Die teilnehmenden Projekte sind:

Albrecht-Haushofer-Oberschule
Unterwegs mit Israel Löwenstein
Für dieses Projekt traf sich eine 9. Klasse der Albrecht-Haushofer-Oberschule mit dem Auschwitzüberlebenden Israel Löwenstein. Er zeigte ihnen die Orte seiner Kindheit in Berlin und gemeinsam fuhren Teilnehmer und Herr Löwenstein nach Auschwitz. Dieses Projekt wird mit einem Film und einer Ausstellung dokumentiert.


Ajna Sokolaj
Kreidezeichnung
Ajna Sokolaj setzte sich künstlerisch mit den Ursprüngen des Antisemitismus in der Weimarer Republik auseinander und stellte die Diskriminierungen und Gewalt gegenüber Juden unter den Nationalsozialisten in einer Kreidezeichnung dar.


Bertha-von-Suttner-Oberschule
Plakate und Flyer gegen Rechts
Um sich aktiv gegen Rechts zu engagieren entwarf eine 10. Klasse Flyer und Plakate die sie in der Stadt verteilen möchten. Verbunden damit ist eine Unterschriftensammlung gegen Rechts.


Bertha-von-Suttner-Oberschule
Verfolgung und Vernichtung der Juden im Nationalsozialismus
Sebastian Schaube, Lukas Zöllner und Tobias Meier stellen eine Power Point Präsentation mit Bildmaterial und Texten zusammen.
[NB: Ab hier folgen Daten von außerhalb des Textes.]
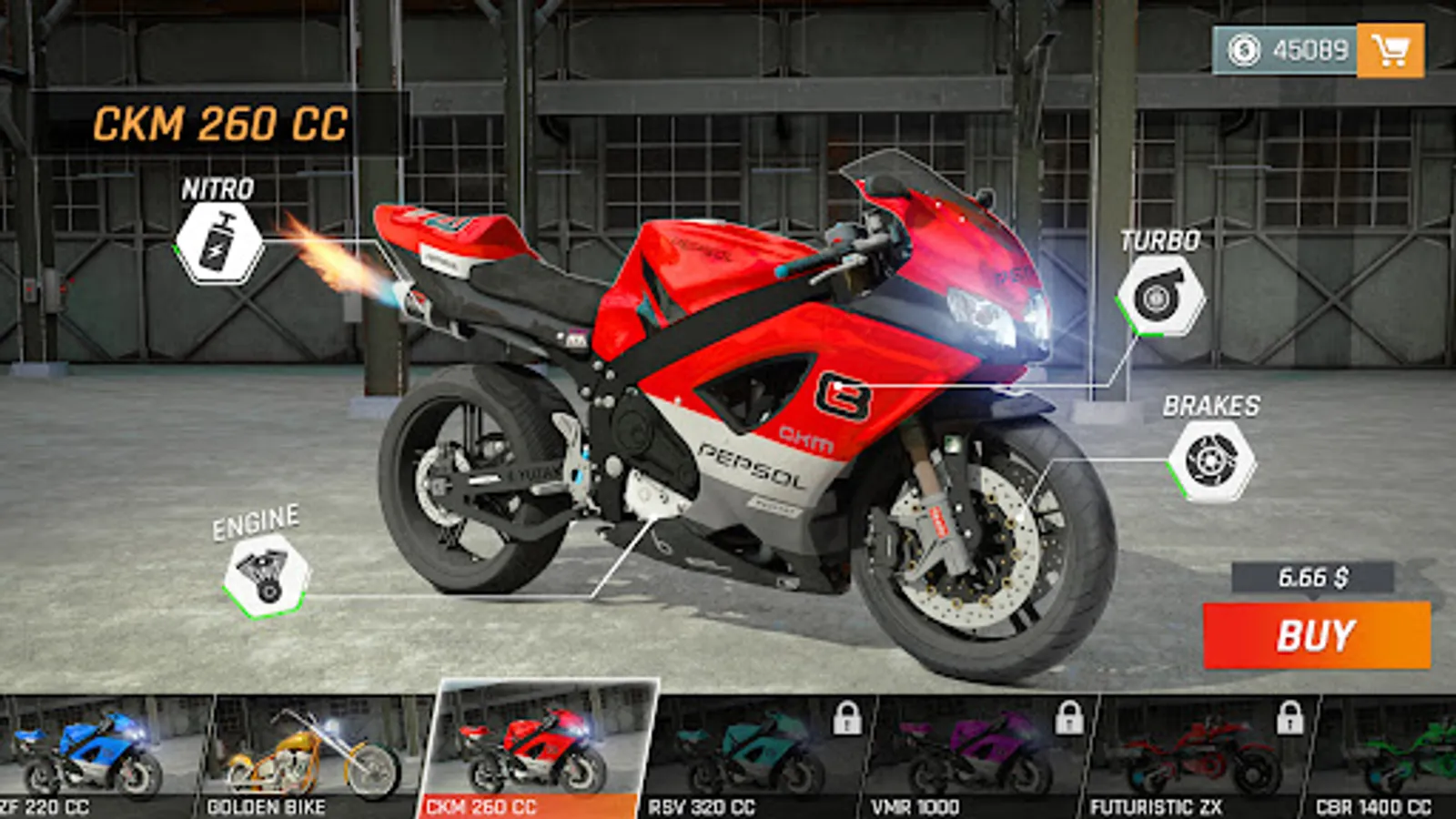 Download this thrilling and amazing motorcycle game and experience the excitement and thrill of driving a super motorbike through a massive stadium, on the highway, and on ramps and deserts which are filled with bumps and jumps.

Im Mittelpunkt steht der Boykott jüdischer Geschäfte, die Nürnberger Gesetze und die Reichspogromnacht sowie die Wannsee-Konferenz.


Blindes Vertrauen
Jugendliche interviewen Zeitzeugen für Jugendliche
Nach einem langen Gespräch mit Steve Adler, der durch einen Kindertransport nach London gerettet werden konnte, entstanden einzelne Theaterszenen zu seinem Leben. Diese Szenen haben die Jugendlichen selbst erarbeitet und einstudiert.


Bühring-Oberschule
Führungen zu Stätten der NS-Zeit
Eine Gruppe von sechs Schülerinnen und Schülern konziperten eine jugendgerechte Stadtrundfahrt zu Orten, die an den Nationalsozialismus erinnern. Die Tour führt zu Stätten des Widerstandes aber auch zu nationalsozialistischer Architektur, die bis heute im Stadtbild zu finden sind.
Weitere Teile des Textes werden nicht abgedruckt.